--- What to do ---
Exclude any images and output the remaining records exactly.

--- Listed entries ---

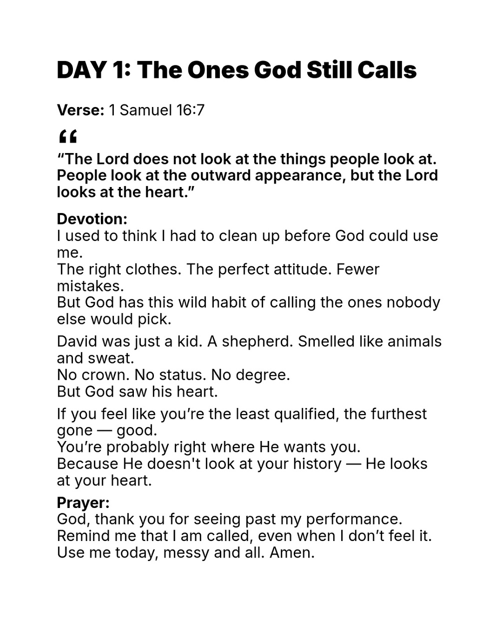5 raw, hope-filled devotionals Scripture + honest reflections Simple prayers for the ones still hanging on A reminder that you’re not too far gone — you’re called
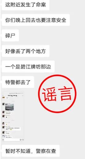 4月22日上午,網(wǎng)民莫某(男,28歲)在其小區(qū)業(yè)主群發(fā)布消息,稱(chēng)“最近幾天碧江附近發(fā)生了命案”。隨后,該謠言被陳某(女,38歲)刷到,在未驗(yàn)證真實(shí)情況下,陳某將謠言轉(zhuǎn)發(fā)到聊天群,并發(fā)表“北滘發(fā)生碎尸案”等不實(shí)言論。最終導(dǎo)致多名網(wǎng)友在未經(jīng)證實(shí)的情況下,轉(zhuǎn)發(fā)謠言到多個(gè)微信群內(nèi),造成較惡劣的社會(huì)影響。
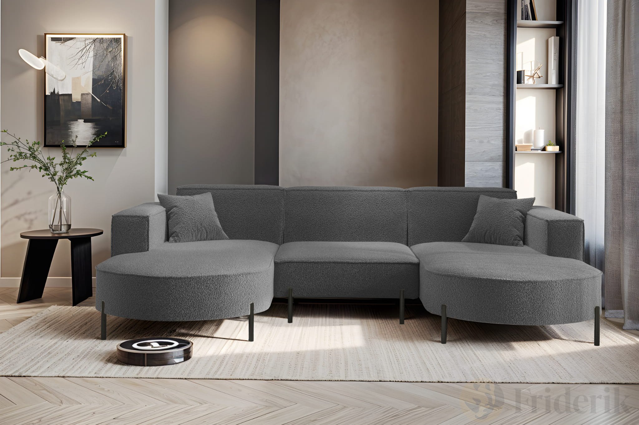 PARMA U HILLS Ecksofa – Sofa mit Bouclé Stoff Quelle, modernes Design, 299 cm - Dunkelgrau (Quelle 92)
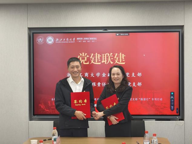 为构建"资源共享、党建共促、优势互补、协调发展"的校企联动新格局,打造产教融合党建共同体,11月6日下午,金融学院与杭银理财有限责任公司在下沙校区科创楼836会议室隆重举行党建联建签约仪式。金融学院执行院长、金融教师党支部书记方霞、投资保险教师党支部书记张少军、杭银理财首席合规官、第四党支部书记王秀祥及双方党支部主要成员共同出席会议,会议由学院党委书记慕兴宏主持。
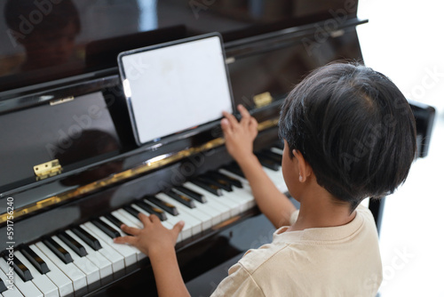 Kid asian black hair boy sitting and playing piano with tablet in living room house indoor. Musical and relaxation makes them happiness. Health care lifestyle concept.

--- Result for this exercise ---
5 raw, hope-filled devotionals Scripture + honest reflections Simple prayers for the ones still hanging on A reminder that you’re not too far gone — you’re called
 4月22日上午,網(wǎng)民莫某(男,28歲)在其小區(qū)業(yè)主群發(fā)布消息,稱(chēng)“最近幾天碧江附近發(fā)生了命案”。隨后,該謠言被陳某(女,38歲)刷到,在未驗(yàn)證真實(shí)情況下,陳某將謠言轉(zhuǎn)發(fā)到聊天群,并發(fā)表“北滘發(fā)生碎尸案”等不實(shí)言論。最終導(dǎo)致多名網(wǎng)友在未經(jīng)證實(shí)的情況下,轉(zhuǎn)發(fā)謠言到多個(gè)微信群內(nèi),造成較惡劣的社會(huì)影響。
 PARMA U HILLS Ecksofa – Sofa mit Bouclé Stoff Quelle, modernes Design, 299 cm - Dunkelgrau (Quelle 92)
 为构建"资源共享、党建共促、优势互补、协调发展"的校企联动新格局,打造产教融合党建共同体,11月6日下午,金融学院与杭银理财有限责任公司在下沙校区科创楼836会议室隆重举行党建联建签约仪式。金融学院执行院长、金融教师党支部书记方霞、投资保险教师党支部书记张少军、杭银理财首席合规官、第四党支部书记王秀祥及双方党支部主要成员共同出席会议,会议由学院党委书记慕兴宏主持。
 Kid asian black hair boy sitting and playing piano with tablet in living room house indoor. Musical and relaxation makes them happiness. Health care lifestyle concept.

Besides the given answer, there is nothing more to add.